B.C. doubles the amount of money available through new rural development fund

The provincial government is doubling funding for an economic diversification fund it created a few months ago after it failed to meet the needs of a similar fund created by the previous government.

Brenda Bailey, Department of Employment, Economic Development and Innovation, announced on Tuesday (April 11) that the government will invest up to $66 million in rural economic diversification and infrastructure programmes.

Bailey made the announcement near the Kamloops area, where Tkemlups te Secwepemc’s economic development company will receive $100,000 to expedite the development of 230 acres within its reserve.

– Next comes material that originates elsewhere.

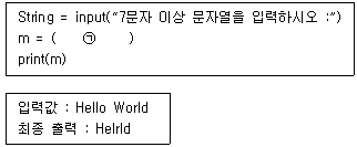다음은 사용자로부터 입력받은 문자열에서 처음과 끝의 3글자를 추출한 후 합쳐서 출력하는 파이썬 코드에서 ㉠에 들어갈 내용은?
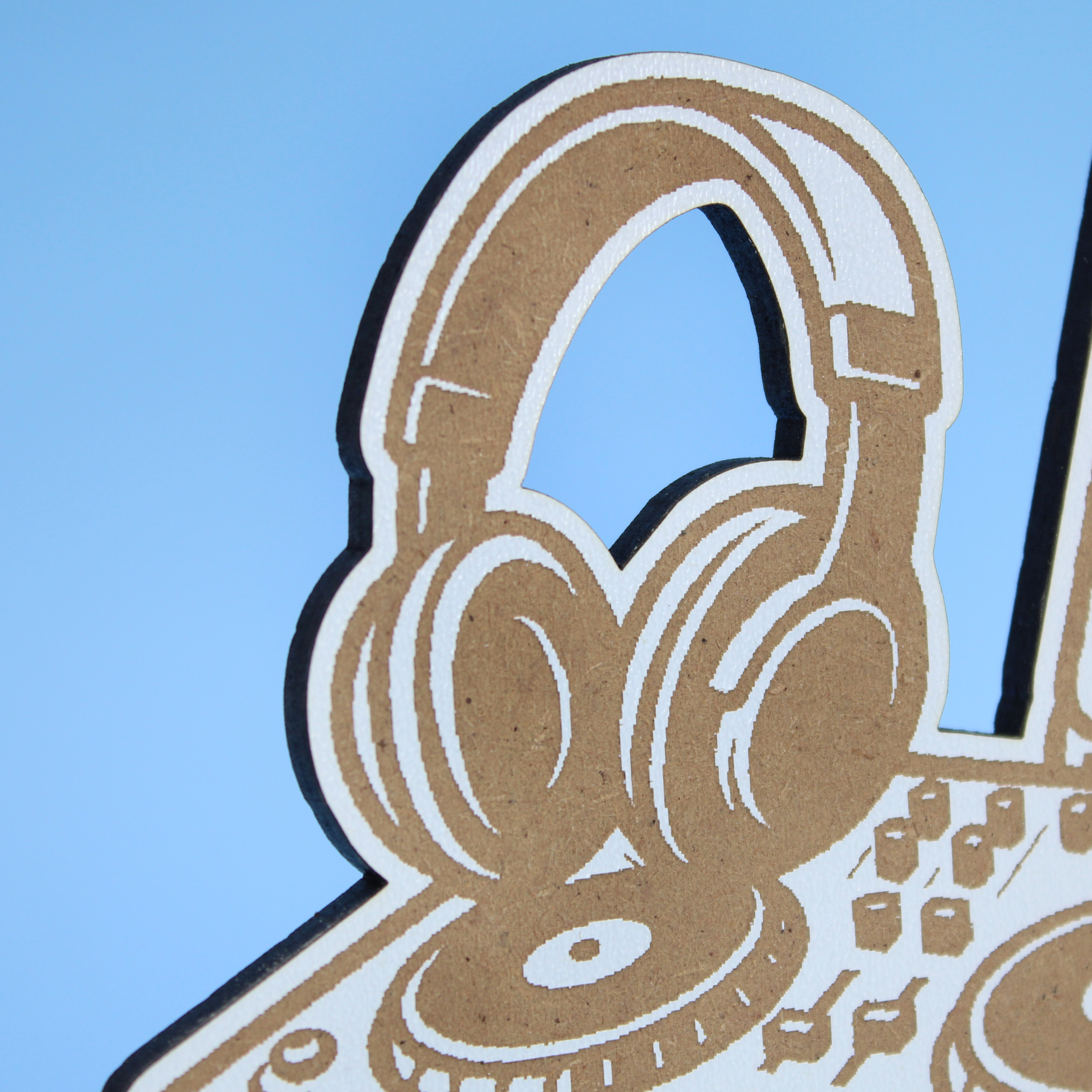 - Hochwertige Verarbeitung – Weißes HDF mit brauner Lasergravur, klare Linien und moderner Techno-Look – dekoratives Highlight fürs Wohnzimmer, Musikstudio oder DJ-Pult.

The provincial government first announced REDIP on November 15 with an initial budget of $33 million to promote economic diversification, clean economy opportunities and infrastructure in rural BC

The top-up announcement comes less than two weeks before Bailey announced $10 million for the Island Coastal Economic Trust pending legislative changes in the fall of 2023. ICET advocates have been lobbying for $150 million in funding as the fund enters its final fiscal year with less than $1 million in its coffers.

Adam Olsen of BC Greens, which represents Saanich North and the Islands, said at the time that the additional funding put ICET’s future “on track,” adding that it was only a matter of time before it faced closure.

ICET was launched in 2006 by the former BC Liberals to support economic diversification and growth on Vancouver Island (minus the Greater Victoria community, but parts of the Capital Region) and the coastal region opposite East Vancouver Island (minus the Lower Mainland).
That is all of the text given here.